*** DATA TO EXAMINE ***

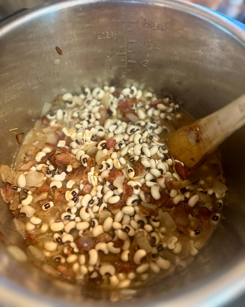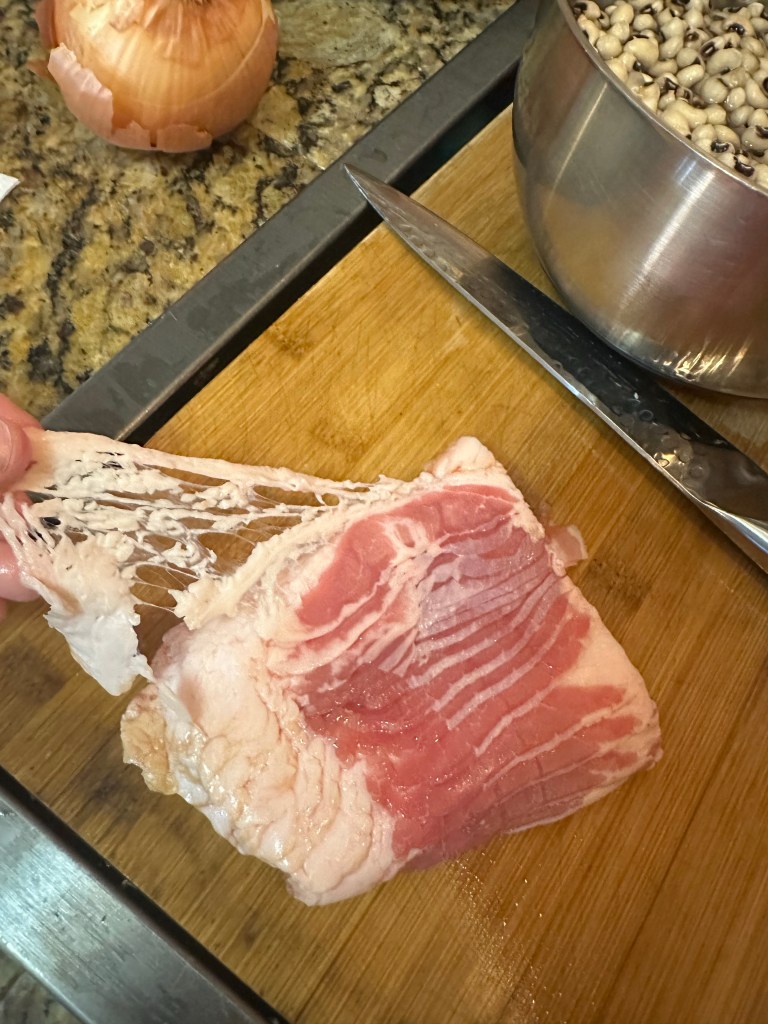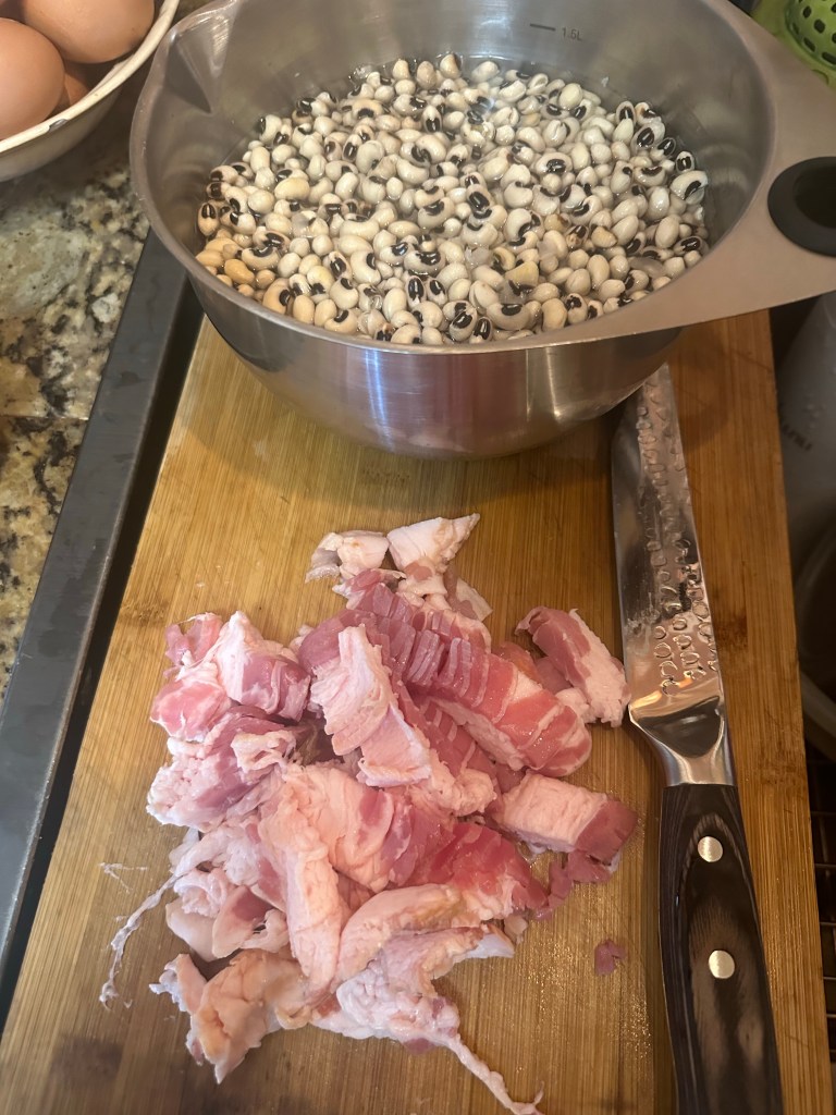 Rinse the peas well, then soak them in hot water while preparing the bacon and onions.
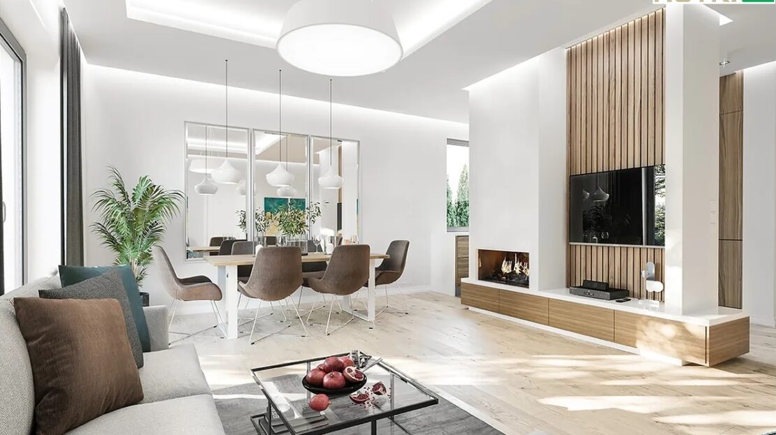 Cena budynku obejmuje wykonane ściany działowe, tynki gipsowe oraz instalacje tylko na parterze, otwory przygotowane do montażu ościeżnic i drzwi wewnętrznych.
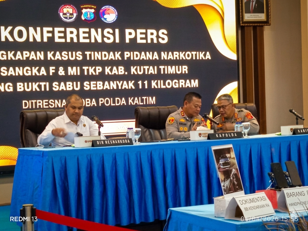 BALIKPAPAN, Kaltimku.id –– Komitmen tanpa kompromi dalam memerangi peredaran gelap narkotika kembali dibuktikan jajaran Kepolisian Daerah Kalimantan Timur (Polda Kaltim). Dalam konferensi pers di Gedung Mahakam Polda Kaltim pada Senin (6/4/2026), Polda Kaltim merilis pengungkapan kasus besar tindak pidana narkoba dengan barang bukti sabu seberat 11 kilogram.
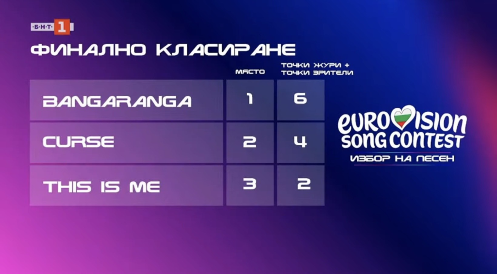 Les votes ont été sans appels là aussi puisqu’autant le public que le jury étaient d’accord sur le choix du thème de « Bangaranga ». Cette chanson a des accents indiens et, de l’avis de ce site, risque de ne pas qualifier ce pays en finale du Concours Eurovision 2026. Le titre fait également très éparpillé et se perd dans le style de musique. C’est bien dommage.
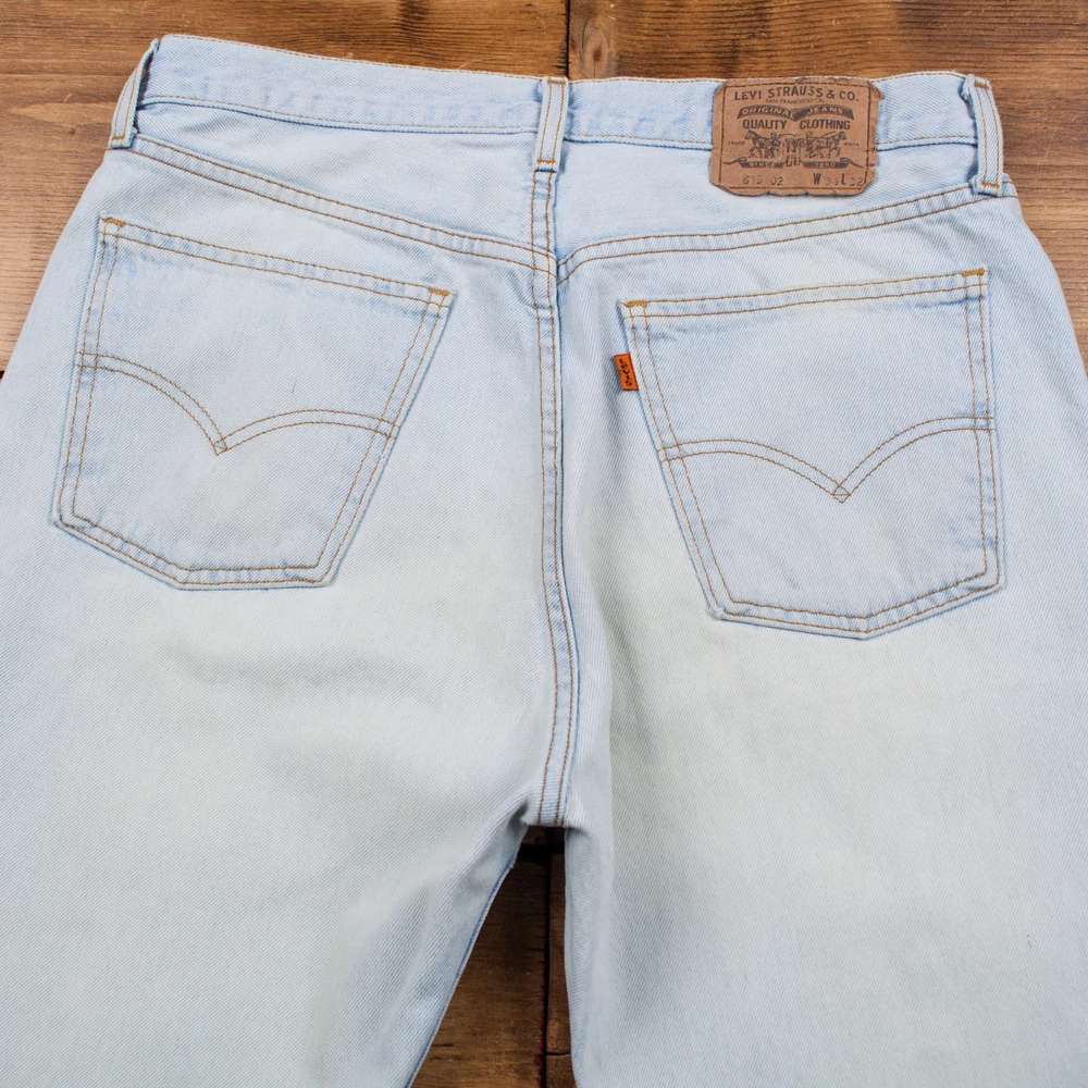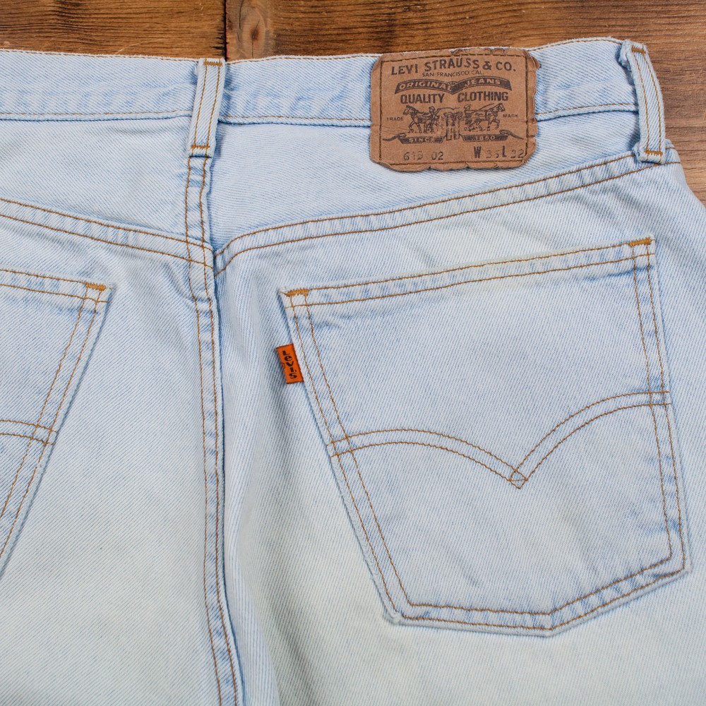 - Official eBay Store ALL PRODUCTS MENS VINTAGE WOMENS VINTAGE Vintage Levis 615 Jeans 35 x 30 Light Wash Straight Blue Orange Tab Denim Description The original label states 36 x 32 but they’ve shrunk a little at the waist and been taken up at the hem and now measure 35 x 30. Wear : Good condition. Please see photos for detail. Waist laid flat: 17.5" Inside leg: 30" Rise: 12.5" Thigh (measured from crotch to outside of leg): 13.5" Hips (measured across the bottom of the fly): 23" Width of hem: 7.5" Item has been professionally washed, dried and pressed. Ready to wear! Unless stated as new, all our items are vintage/worn and may show signs of previous wear. Any significant wear, damage or marks will be photographed. Please inspect photos carefully. DELIVERY RETURNS CONTACT US Standard delivery to UK mainland is FREE. Delivery is via Royal Mail and typically your parcel will arrive with you in 3-5 working days. We offer 1st class Royal Mail delivery and next day courier services on all items for an additional cost. Just select the delivery option required at checkout. We aim to ship all orders within one working day of receiving your order. Cost of delivery for international orders varies pending on size and weight of the item. Typically, international orders will arrive 5-10 working days after ordering, depending on destination. DELIVERY Holdwest operate a 30 day returns policy. You may return your item within 30 days of receiving it and you will receive a full refund. There will be returns information in your parcel when you receive your item with full details of the returns procedure. Any further questions about returns can be answered by us. Just contact us through eBay messages. Please note, we do not offer exchanges. If you want a different size, you would simply return the original item to us for a full refund and then purchase a new item through our listings. Please read the full item description and inspect all photographs, as we provide plenty of item details for you. If you have any further questions, please contact us via eBay messages by clicking here . If you have any further questions, please only contact us via eBay messages All messages will be answered during office hours Monday – Friday 10am – 5pm. Messages are not checked at the weekend. Due to eBay policy and we cannot accept enquiries by phone. © 2018 Copyright Holdwest
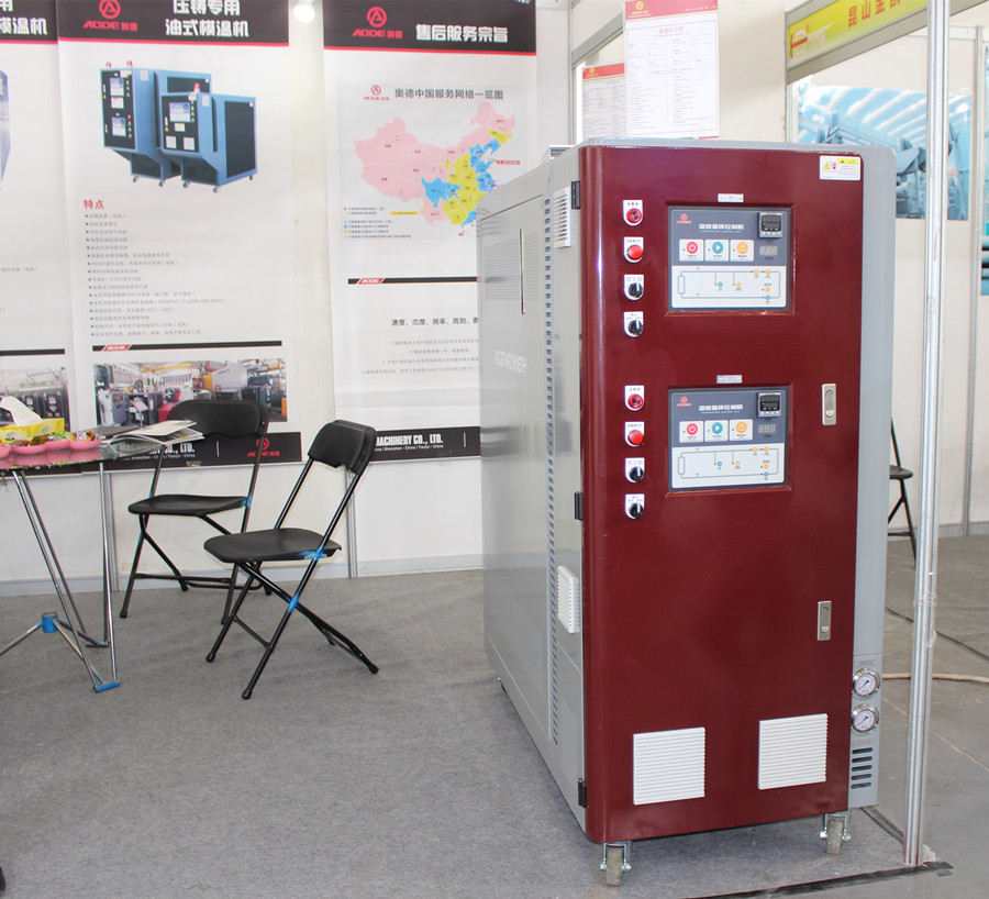 據介紹,鼎正鑫鎂合金熔爐采用特種復合鋼板制造的坩堝,不污染鎂液,內有防腐結構,使用壽命長;不銹鋼外殼及面板,耐腐蝕、耐高溫;定量泵瞬時流量設計,維護時間30天以上;預熱機采用夾持式機構,使液面控制穩定,給料精準;并采用防堵鎂合金彎頭設計等多項專利。 蘇州奧德攜壓鑄專用模溫機亮相寧波展 奧德作為行業技術領先的工業溫控設備整體方案提供商,在模溫機領域擁有先進的先進技術及工藝。通過多年的研發生產,已成功開發出模溫機、油溫機、冷水機等系列產品。本屆展會上,奧德攜一款新穎的壓鑄專用油溫機亮相。 壓鑄專用油溫機主要應用于壓鑄過程的油路溫度控制。奧德壓鑄油溫機具有回油溫度顯示,開機自動排氣,油泵反抽回油,加熱功率切換,隔離式電器控制箱,延長電器使用年限;即時冷卻回油關機,熱油BY-PASS泄壓回路等功能。

*** End of DATA TO EXAMINE ***

ABOUT THIS TASK
Working from the entries above, please transcribe only the lines from the line with "BALIKPAPAN, Kaltimku.id ––" through the line with "Les votes ont", exactly, with both end lines and without pictures.

TASK RESPONSE
 BALIKPAPAN, Kaltimku.id –– Komitmen tanpa kompromi dalam memerangi peredaran gelap narkotika kembali dibuktikan jajaran Kepolisian Daerah Kalimantan Timur (Polda Kaltim). Dalam konferensi pers di Gedung Mahakam Polda Kaltim pada Senin (6/4/2026), Polda Kaltim merilis pengungkapan kasus besar tindak pidana narkoba dengan barang bukti sabu seberat 11 kilogram.
 Les votes ont été sans appels là aussi puisqu’autant le public que le jury étaient d’accord sur le choix du thème de « Bangaranga ». Cette chanson a des accents indiens et, de l’avis de ce site, risque de ne pas qualifier ce pays en finale du Concours Eurovision 2026. Le titre fait également très éparpillé et se perd dans le style de musique. C’est bien dommage.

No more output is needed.